On 04/19/2011 07:02 AM, Sage Weil wrote:
>> The relation between OSD partitions (/dev/mapper/sda6 in the example above)
>> is another interesting factor. As long as the load is under 100%, the
>> partitions on both nodes grow in almost perfect sync. When the load exceeds
>> 100%, one node starts lagging behind the other. If that continues long
>> enough,
>> the lagging node falls out completely while the other node keeps growing.
> This is really interesting. This is on the partitions that have _just_
> the OSD data?
Yes, with a couple of extra layers. node01 keeps its OSD data on an ext4
filesystem on top of a dm-crypt encrypted native disk partition. node02
on the other hand has an mdadm RAID0 of two partitions on separate disks
with dm-crypt and ext4 on top of that.

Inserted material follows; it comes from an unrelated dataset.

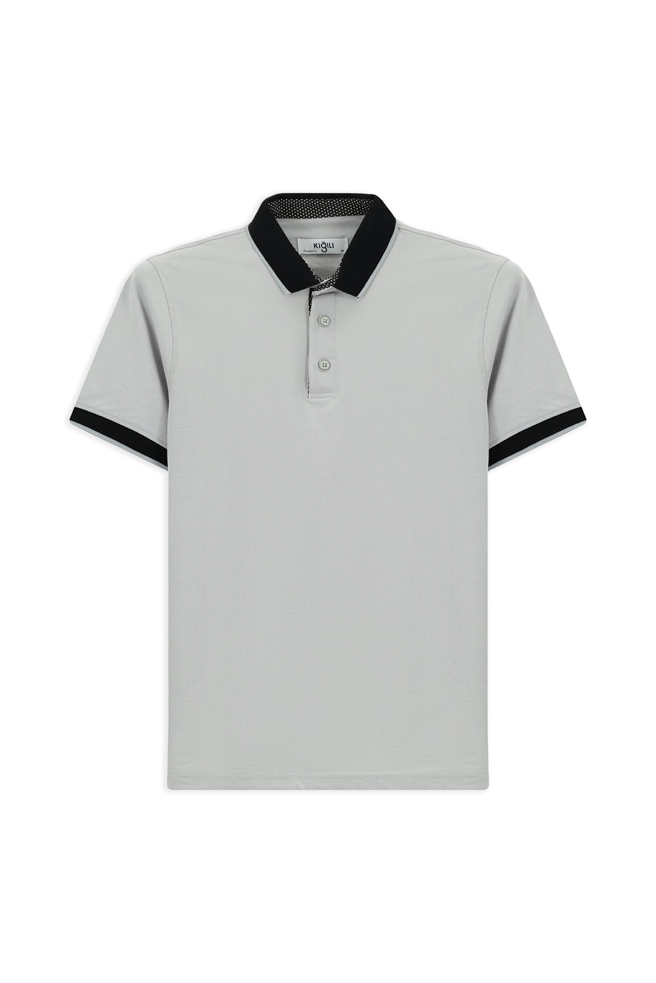 Orta Gri Polo Yaka Regular Fit Desenli Pamuklu Tişört

This layering - in particular the
encryption - consumes CPU and can slow down things, but for the rest it's
rock-solid; I've been running systems with these setups for years and
never had a problem with them even once.
Here's an example from this morning:
node01:
/dev/mapper/sda6 232003 5914 212830 3% /mnt/osd
node02:
/dev/mapper/md4 225716 5704 207112 3% /mnt/osd
client:
192.168.178.100:6789:/
232002 5913 212829 3% /mnt/n01
You can see that the total space on the client corresponds to that of node01,
so the osd of node02 has gone belly up. The load on node01 is creeping upwards
of 200% while rsync on the client keeps smiling and pushing data.
node01 top:
PID USER PR NI VIRT RES SHR S %CPU %MEM TIME+ COMMAND
24793 root 20 0 1679m 510m 1756 S 9.2 25.7 29:23.11 cosd
30235 root 20 0 0 0 0 S 1.0 0.0 0:01.10 kworker/0:1
637 root 20 0 0 0 0 S 0.7 0.0 4:56.26 jbd2/sda2-8
30468 root 20 0 14988 1152 864 R 0.7 0.1 0:00.14 top
21748 root 20 0 104m 796 504 S 0.3 0.0 1:04.27 watch
29418 root 20 0 0 0 0 S 0.3 0.0 0:02.12 kworker/0:2
node01 iotop:
TID PRIO USER DISK READ DISK WRITE SWAPIN IO> COMMAND
24933 be/4 root 109.97 K/s 7.12 K/s 0.00 % 95.49 % cosd -i 0 -c
~ceph/ceph.conf
24934 be/4 root 94.15 K/s 7.12 K/s 0.00 % 92.45 % cosd -i 0 -c
~ceph/ceph.conf
24830 be/4 root 0.00 B/s 36.39 K/s 0.00 % 81.10 % cosd -i 0 -c
~ceph/ceph.conf
637 be/3 root 0.00 B/s 0.00 B/s 0.00 % 80.27 % [jbd2/sda2-8]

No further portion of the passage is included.